Data extract -
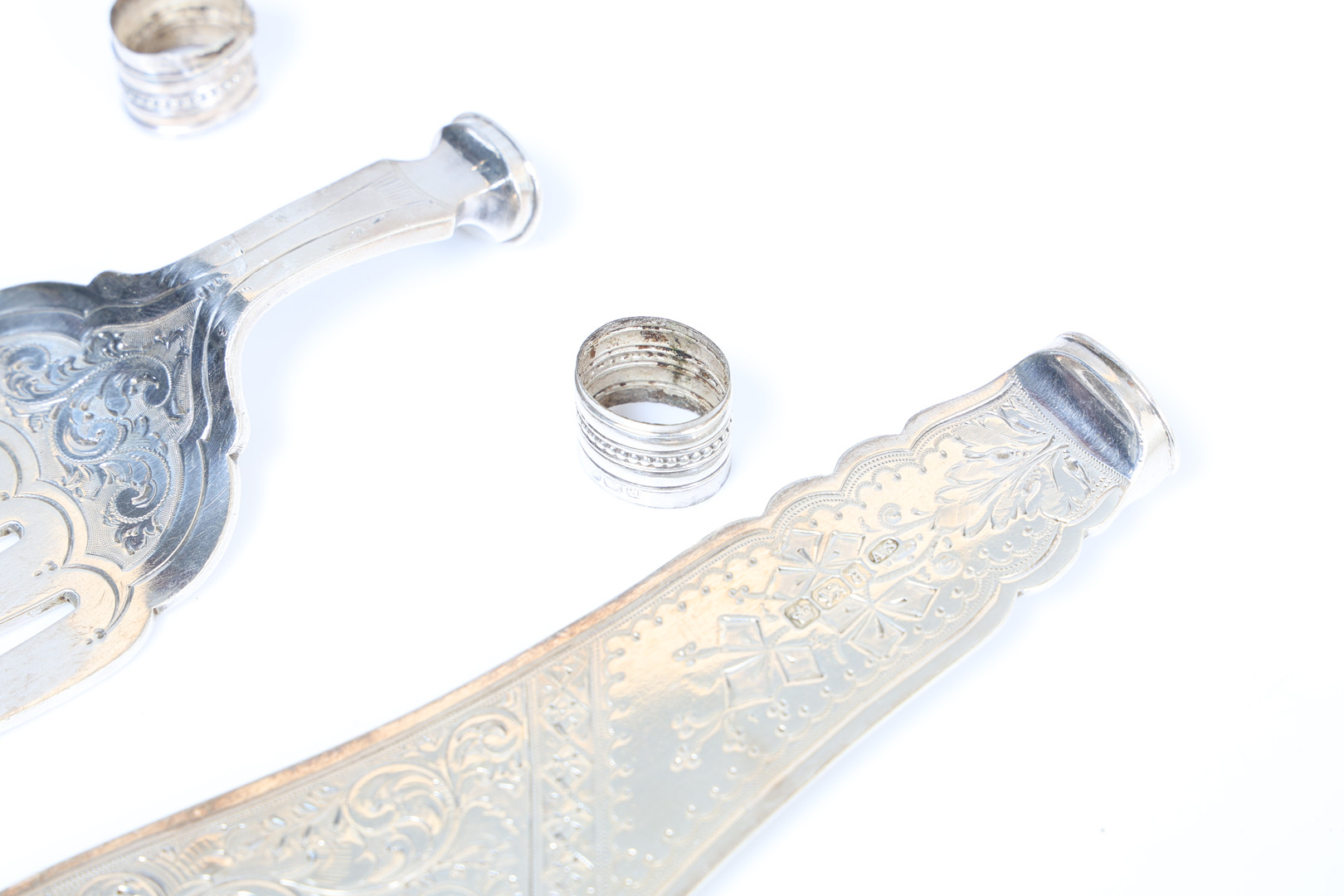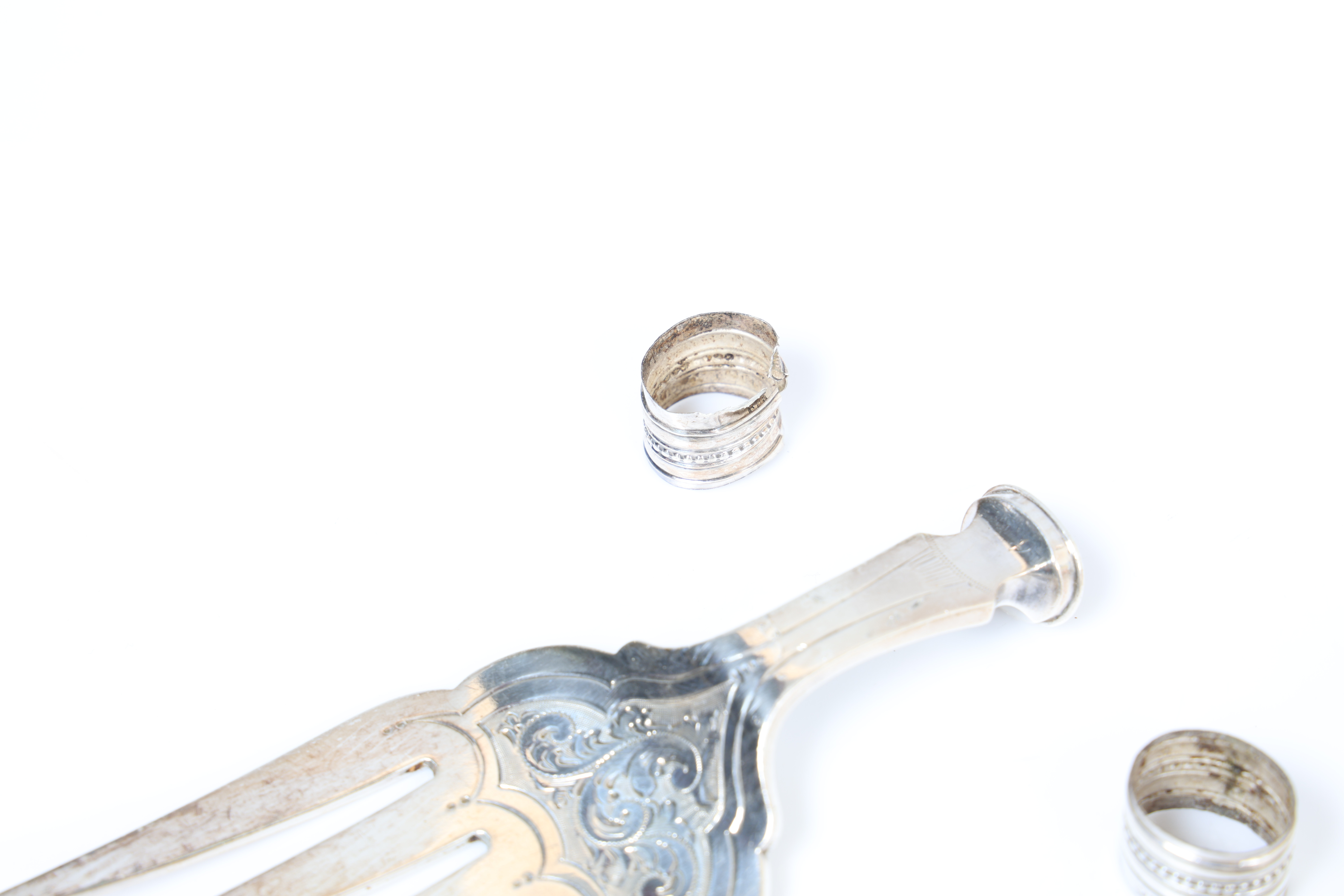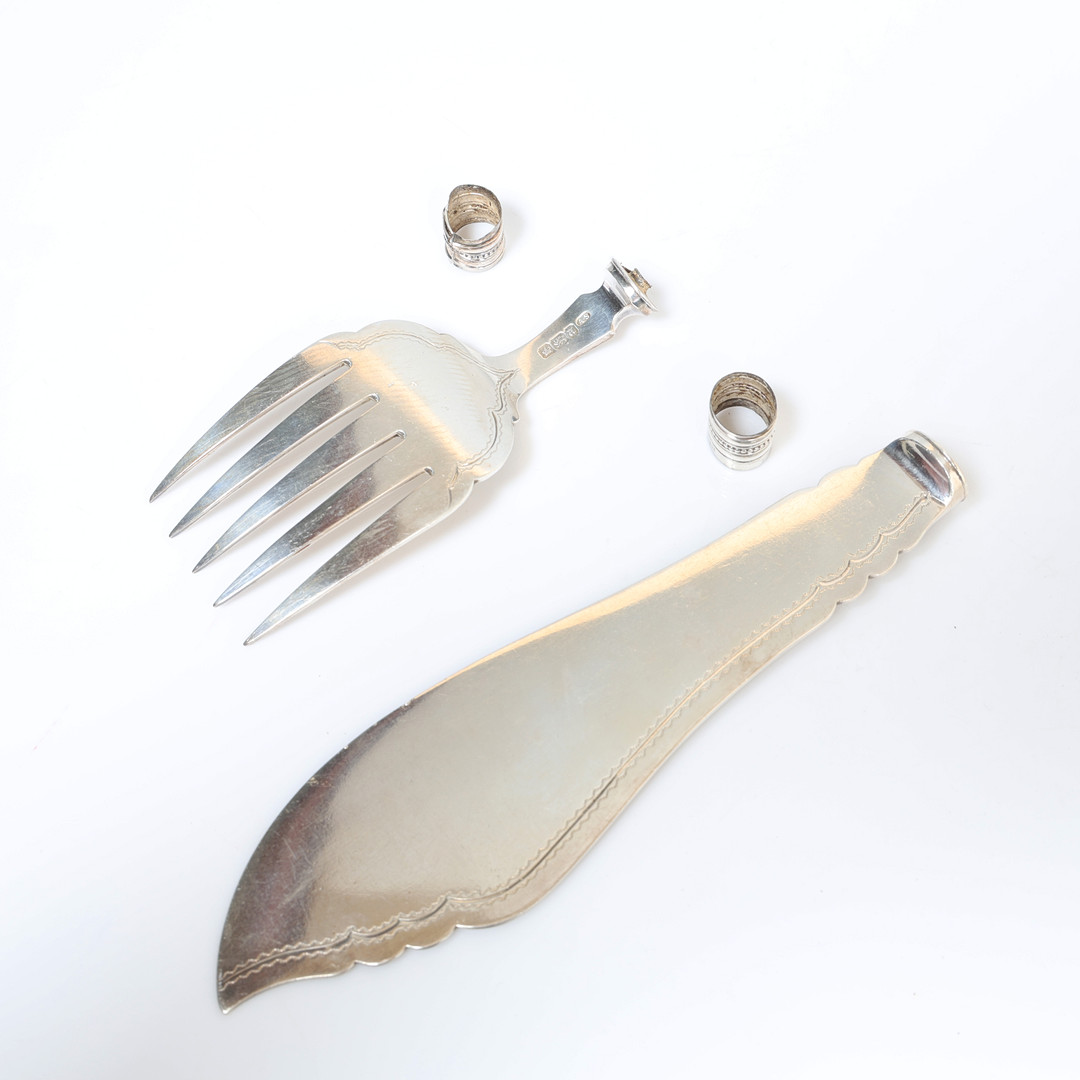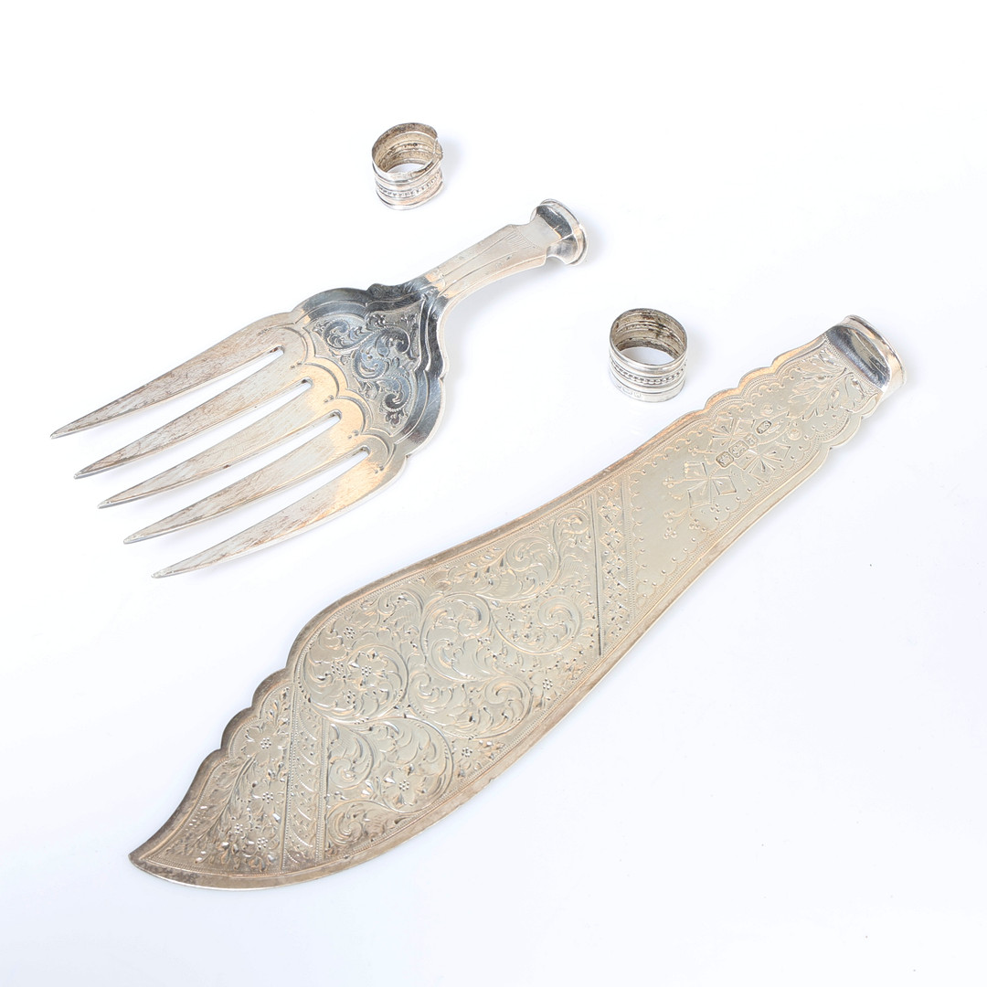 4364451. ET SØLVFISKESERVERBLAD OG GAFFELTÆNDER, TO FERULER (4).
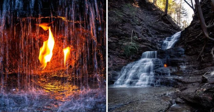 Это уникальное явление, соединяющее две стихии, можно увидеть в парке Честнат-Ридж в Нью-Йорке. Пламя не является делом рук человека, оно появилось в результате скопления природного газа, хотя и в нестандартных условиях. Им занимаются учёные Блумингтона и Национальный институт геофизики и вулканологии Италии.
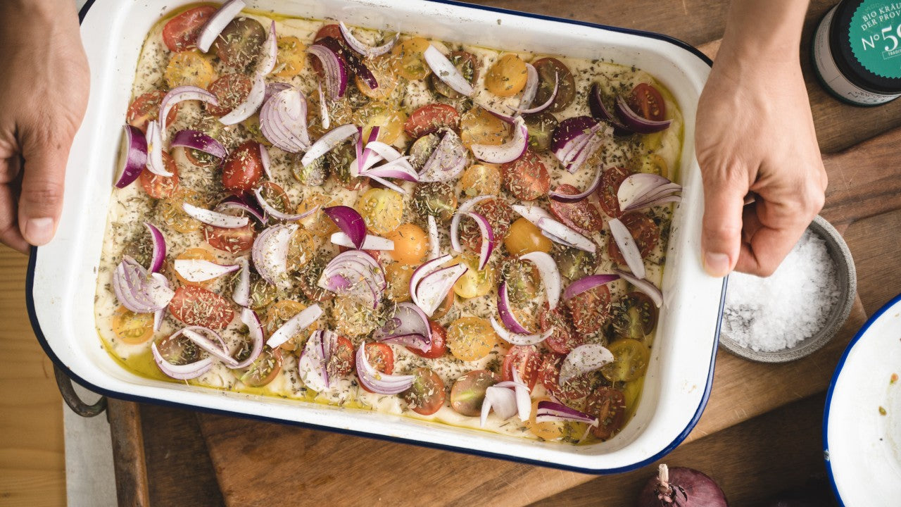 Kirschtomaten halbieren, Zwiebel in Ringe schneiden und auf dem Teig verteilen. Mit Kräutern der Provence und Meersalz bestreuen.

What you have to do -
Give back each line above verbatim, dropping every picture.

Response to the task -
 4364451. ET SØLVFISKESERVERBLAD OG GAFFELTÆNDER, TO FERULER (4).
 Это уникальное явление, соединяющее две стихии, можно увидеть в парке Честнат-Ридж в Нью-Йорке. Пламя не является делом рук человека, оно появилось в результате скопления природного газа, хотя и в нестандартных условиях. Им занимаются учёные Блумингтона и Национальный институт геофизики и вулканологии Италии.
 Kirschtomaten halbieren, Zwiebel in Ringe schneiden und auf dem Teig verteilen. Mit Kräutern der Provence und Meersalz bestreuen.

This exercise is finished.